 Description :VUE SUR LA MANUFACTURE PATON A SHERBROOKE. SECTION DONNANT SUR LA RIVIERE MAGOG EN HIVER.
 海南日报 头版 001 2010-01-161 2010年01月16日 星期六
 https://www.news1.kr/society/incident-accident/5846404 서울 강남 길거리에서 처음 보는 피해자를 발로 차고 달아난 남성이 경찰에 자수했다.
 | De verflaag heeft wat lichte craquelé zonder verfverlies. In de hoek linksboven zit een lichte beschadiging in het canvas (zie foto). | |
---------------
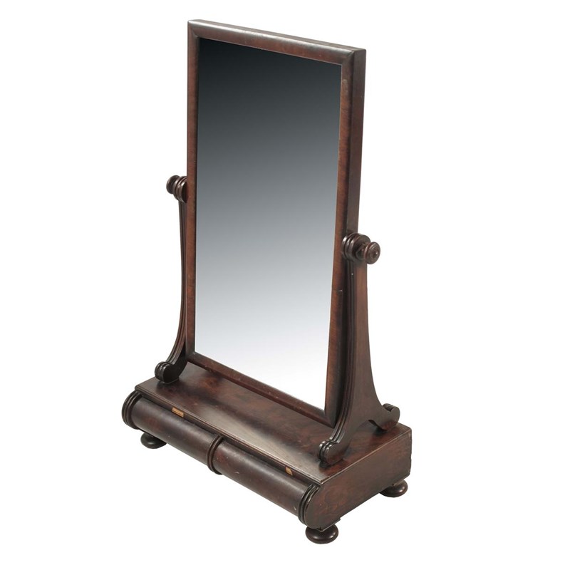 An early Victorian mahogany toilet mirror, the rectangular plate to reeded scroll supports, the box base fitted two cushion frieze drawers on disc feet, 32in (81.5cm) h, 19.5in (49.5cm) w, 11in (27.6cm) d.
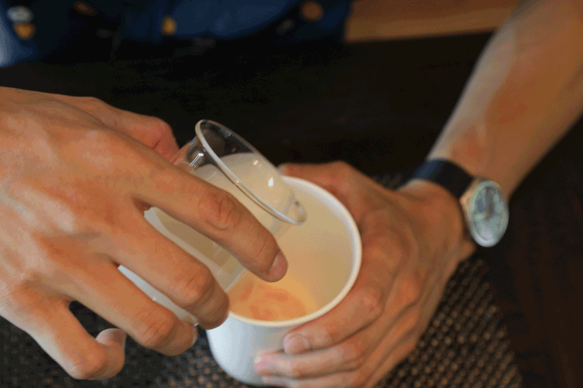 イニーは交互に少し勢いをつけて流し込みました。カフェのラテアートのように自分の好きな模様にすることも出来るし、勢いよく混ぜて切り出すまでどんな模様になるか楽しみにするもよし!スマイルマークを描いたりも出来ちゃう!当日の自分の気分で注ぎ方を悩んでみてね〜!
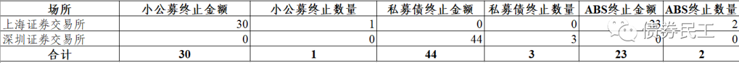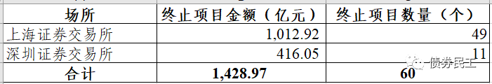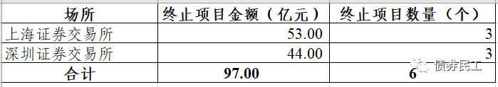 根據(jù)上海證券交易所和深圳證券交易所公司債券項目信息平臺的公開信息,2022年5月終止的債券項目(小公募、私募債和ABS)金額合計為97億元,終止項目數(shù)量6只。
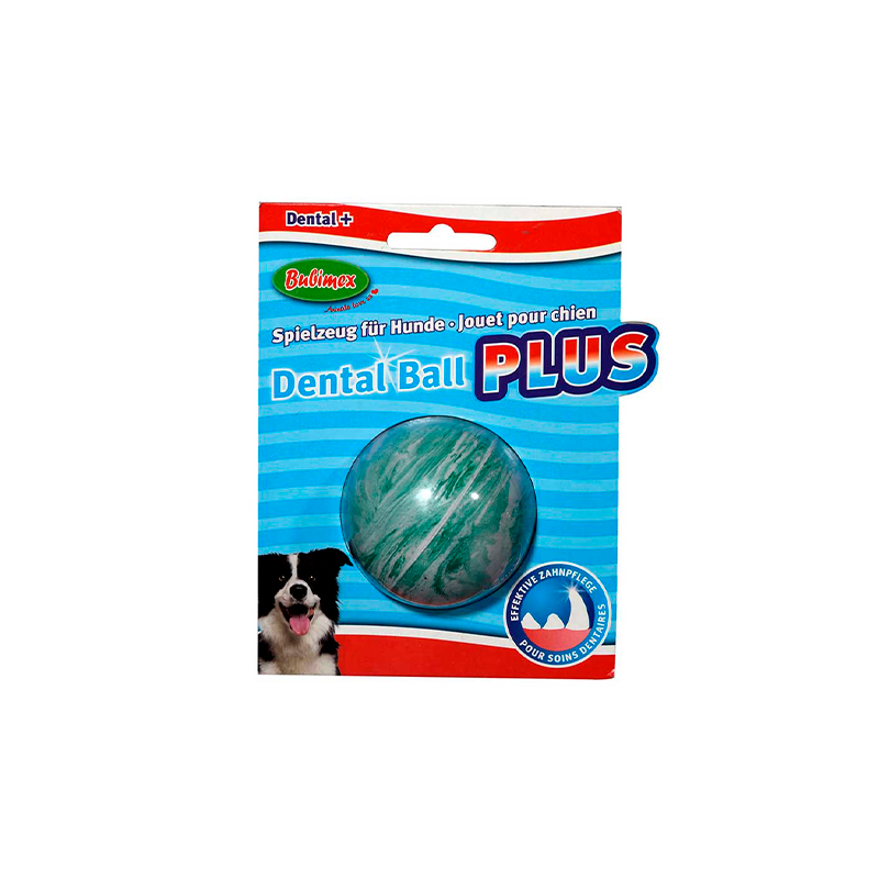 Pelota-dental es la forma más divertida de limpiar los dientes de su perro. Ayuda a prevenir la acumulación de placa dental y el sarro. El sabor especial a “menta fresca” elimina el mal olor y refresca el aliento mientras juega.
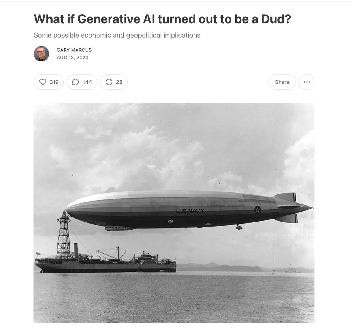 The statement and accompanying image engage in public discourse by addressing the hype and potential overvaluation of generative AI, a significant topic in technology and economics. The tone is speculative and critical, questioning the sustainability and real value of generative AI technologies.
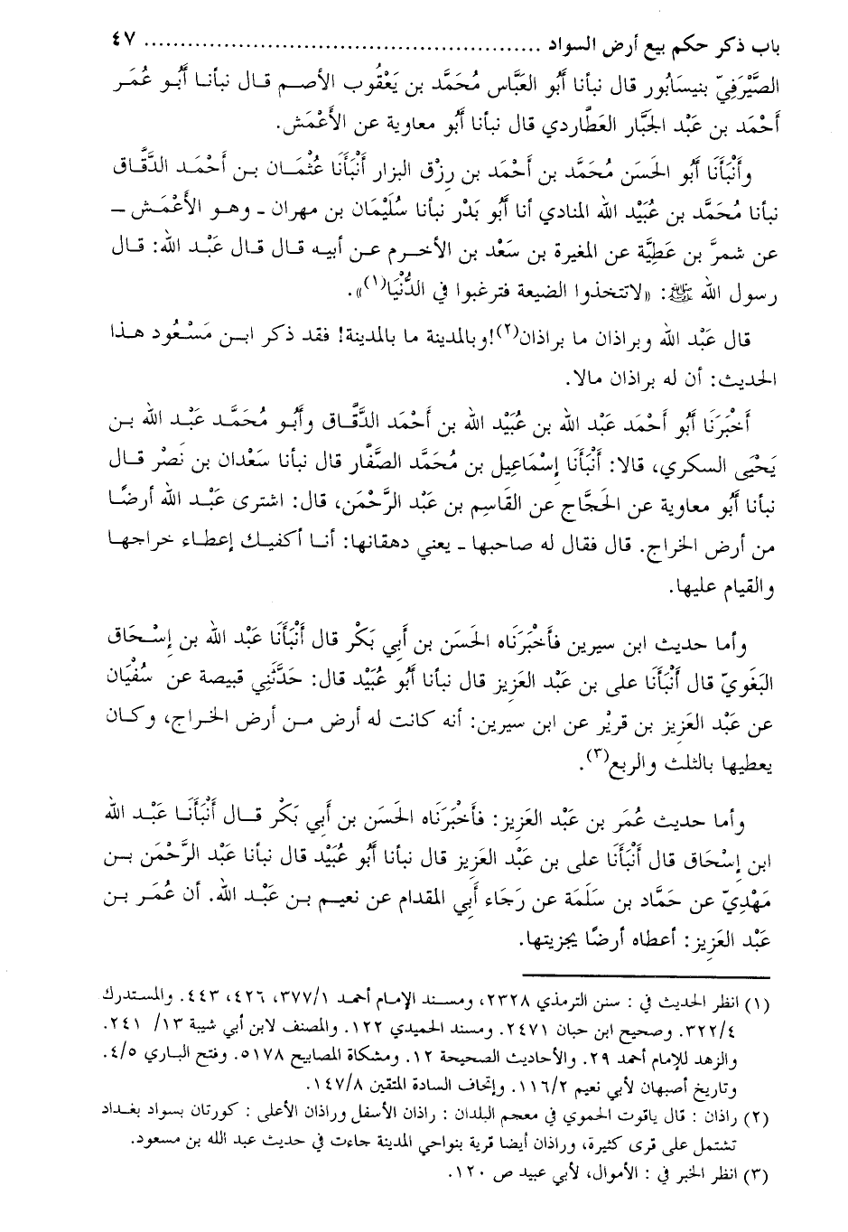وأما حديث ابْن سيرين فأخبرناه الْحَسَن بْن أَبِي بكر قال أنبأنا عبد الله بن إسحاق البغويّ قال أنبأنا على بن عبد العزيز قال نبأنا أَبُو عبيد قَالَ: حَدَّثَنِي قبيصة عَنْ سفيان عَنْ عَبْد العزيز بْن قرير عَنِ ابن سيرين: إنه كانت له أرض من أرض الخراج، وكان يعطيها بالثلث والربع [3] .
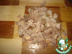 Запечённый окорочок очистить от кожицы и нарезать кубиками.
---------------
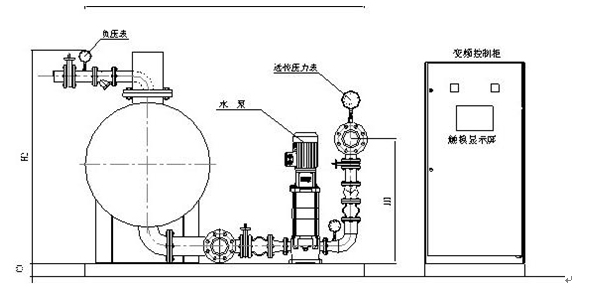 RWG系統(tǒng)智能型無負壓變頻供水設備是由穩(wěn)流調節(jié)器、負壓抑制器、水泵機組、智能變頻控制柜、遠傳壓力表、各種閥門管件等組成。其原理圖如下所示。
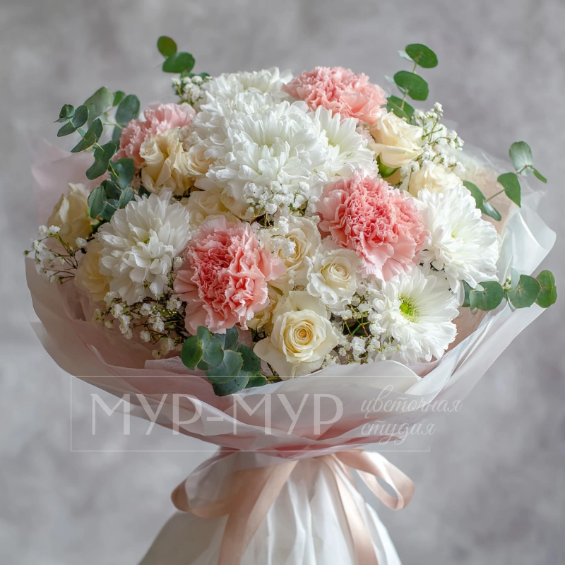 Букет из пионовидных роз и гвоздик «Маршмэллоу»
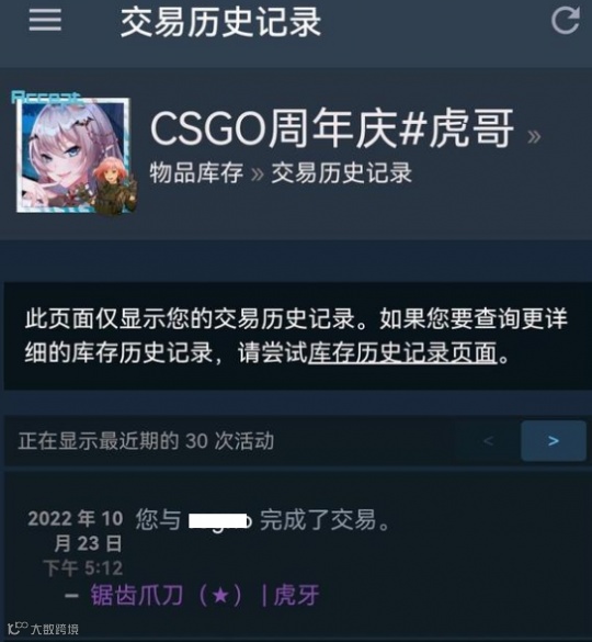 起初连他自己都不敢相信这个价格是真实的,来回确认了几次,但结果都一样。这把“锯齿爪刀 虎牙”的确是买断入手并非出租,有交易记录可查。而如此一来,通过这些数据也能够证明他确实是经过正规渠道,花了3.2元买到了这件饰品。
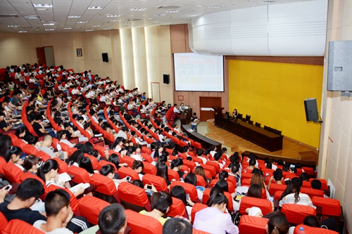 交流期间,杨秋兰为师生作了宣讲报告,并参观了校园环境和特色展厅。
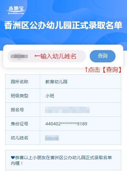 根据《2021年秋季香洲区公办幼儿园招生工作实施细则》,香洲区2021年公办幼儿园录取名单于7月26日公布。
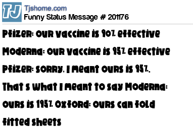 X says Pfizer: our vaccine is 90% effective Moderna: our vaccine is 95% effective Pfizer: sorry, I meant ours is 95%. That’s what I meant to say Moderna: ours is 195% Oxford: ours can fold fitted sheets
---------------
In the listing above, find the line containing "Description :VUE SUR" and the line containing "(zie foto). | |", then retype both and every line between them exactly, with nothing else.

• **Finished exercise**:
 Description :VUE SUR LA MANUFACTURE PATON A SHERBROOKE. SECTION DONNANT SUR LA RIVIERE MAGOG EN HIVER.
 海南日报 头版 001 2010-01-161 2010年01月16日 星期六
 https://www.news1.kr/society/incident-accident/5846404 서울 강남 길거리에서 처음 보는 피해자를 발로 차고 달아난 남성이 경찰에 자수했다.
 | De verflaag heeft wat lichte craquelé zonder verfverlies. In de hoek linksboven zit een lichte beschadiging in het canvas (zie foto). | |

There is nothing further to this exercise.